What is needed: Nothing but the pictures may be left out. Restate the rest of the entries word for word.

Records supplied:
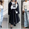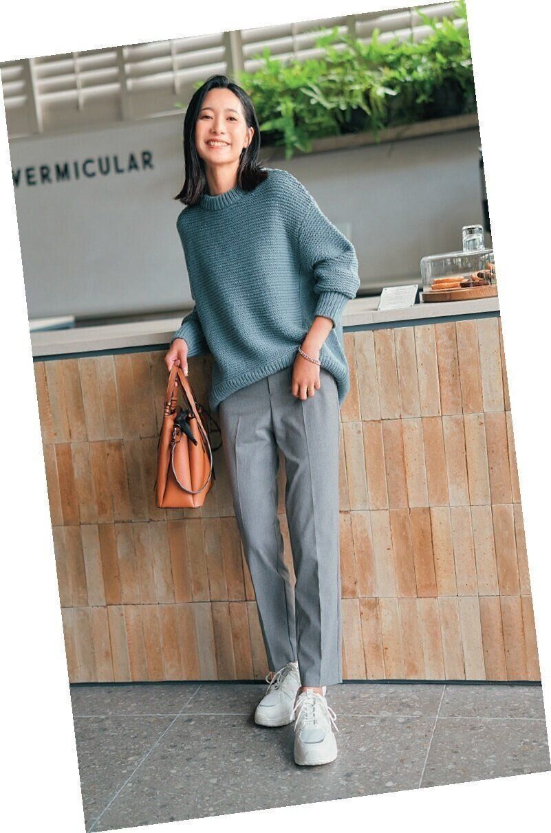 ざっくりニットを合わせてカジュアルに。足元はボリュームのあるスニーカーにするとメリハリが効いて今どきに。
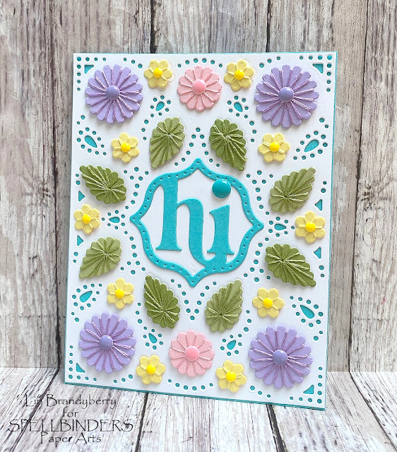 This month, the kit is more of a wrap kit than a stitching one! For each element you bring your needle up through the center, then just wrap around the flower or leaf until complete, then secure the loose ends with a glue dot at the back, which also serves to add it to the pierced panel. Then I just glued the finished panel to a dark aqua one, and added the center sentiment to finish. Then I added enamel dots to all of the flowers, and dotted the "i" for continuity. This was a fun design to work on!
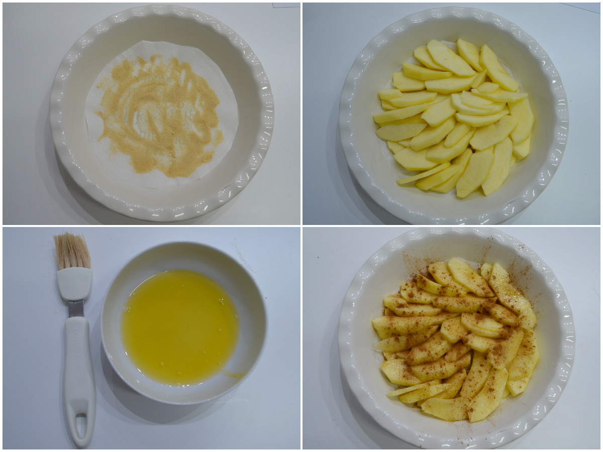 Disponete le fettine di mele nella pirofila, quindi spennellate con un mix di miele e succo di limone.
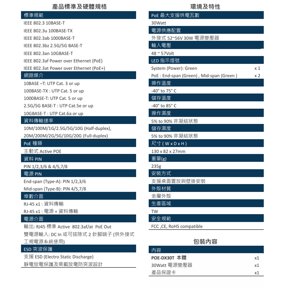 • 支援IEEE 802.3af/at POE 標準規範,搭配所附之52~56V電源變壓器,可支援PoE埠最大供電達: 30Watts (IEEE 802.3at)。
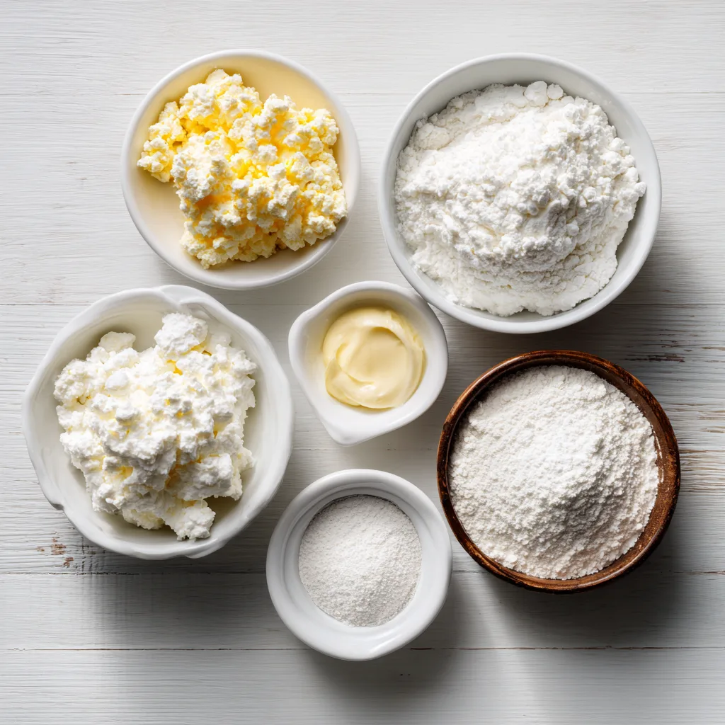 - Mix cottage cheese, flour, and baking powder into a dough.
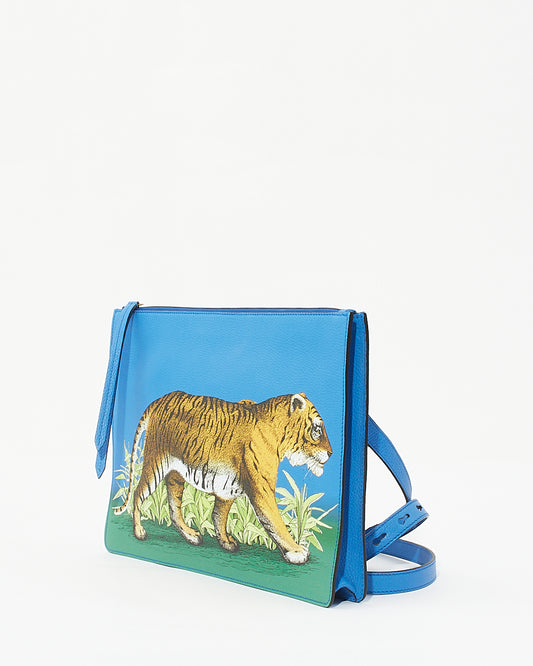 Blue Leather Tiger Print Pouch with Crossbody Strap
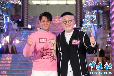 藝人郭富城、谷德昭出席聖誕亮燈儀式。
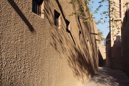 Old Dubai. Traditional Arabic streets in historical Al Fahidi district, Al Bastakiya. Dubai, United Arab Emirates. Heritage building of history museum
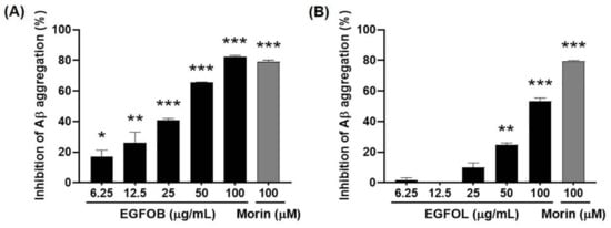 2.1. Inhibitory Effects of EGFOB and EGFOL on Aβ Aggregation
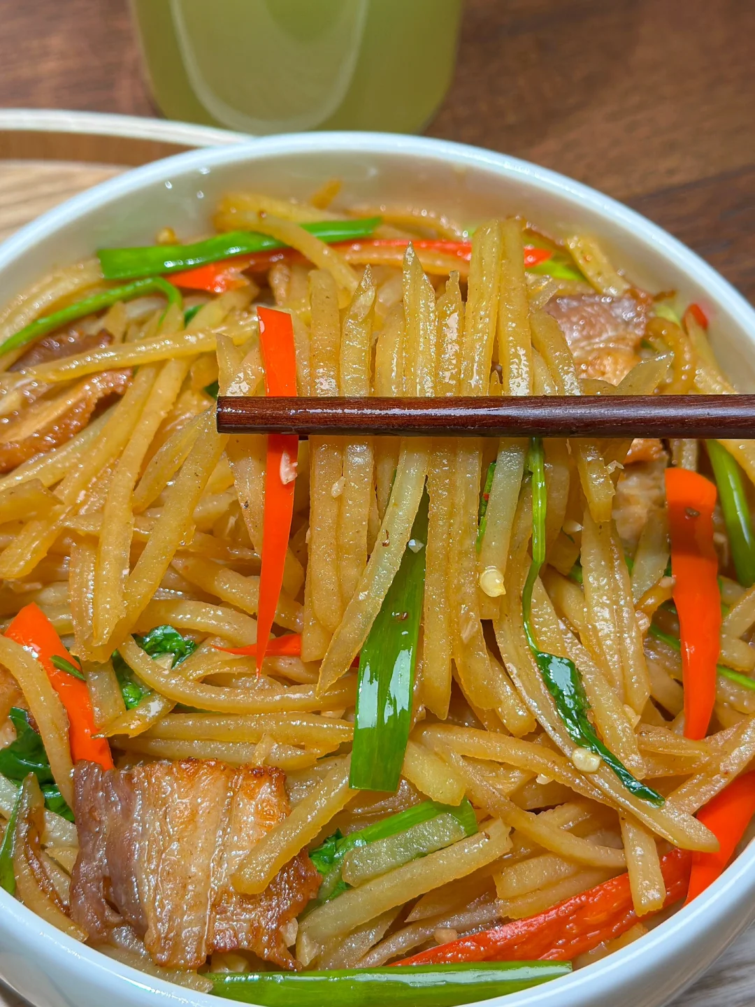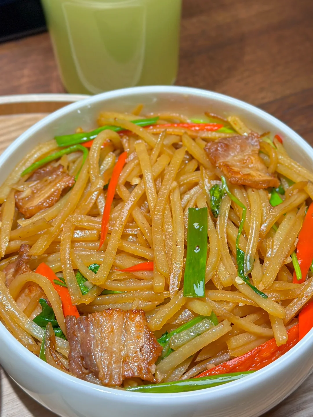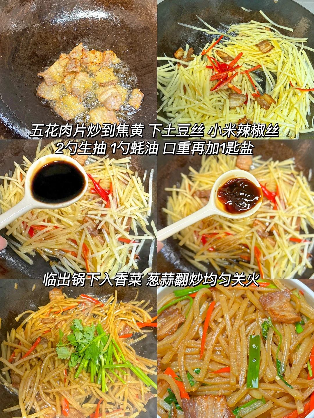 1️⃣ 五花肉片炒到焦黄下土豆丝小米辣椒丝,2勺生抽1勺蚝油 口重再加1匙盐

Output of the exercise:
 ざっくりニットを合わせてカジュアルに。足元はボリュームのあるスニーカーにするとメリハリが効いて今どきに。
 This month, the kit is more of a wrap kit than a stitching one! For each element you bring your needle up through the center, then just wrap around the flower or leaf until complete, then secure the loose ends with a glue dot at the back, which also serves to add it to the pierced panel. Then I just glued the finished panel to a dark aqua one, and added the center sentiment to finish. Then I added enamel dots to all of the flowers, and dotted the "i" for continuity. This was a fun design to work on!
 Disponete le fettine di mele nella pirofila, quindi spennellate con un mix di miele e succo di limone.
 • 支援IEEE 802.3af/at POE 標準規範,搭配所附之52~56V電源變壓器,可支援PoE埠最大供電達: 30Watts (IEEE 802.3at)。
 - Mix cottage cheese, flour, and baking powder into a dough.
 Blue Leather Tiger Print Pouch with Crossbody Strap
 藝人郭富城、谷德昭出席聖誕亮燈儀式。
 Old Dubai. Traditional Arabic streets in historical Al Fahidi district, Al Bastakiya. Dubai, United Arab Emirates. Heritage building of history museum
 2.1. Inhibitory Effects of EGFOB and EGFOL on Aβ Aggregation
 1️⃣ 五花肉片炒到焦黄下土豆丝小米辣椒丝,2勺生抽1勺蚝油 口重再加1匙盐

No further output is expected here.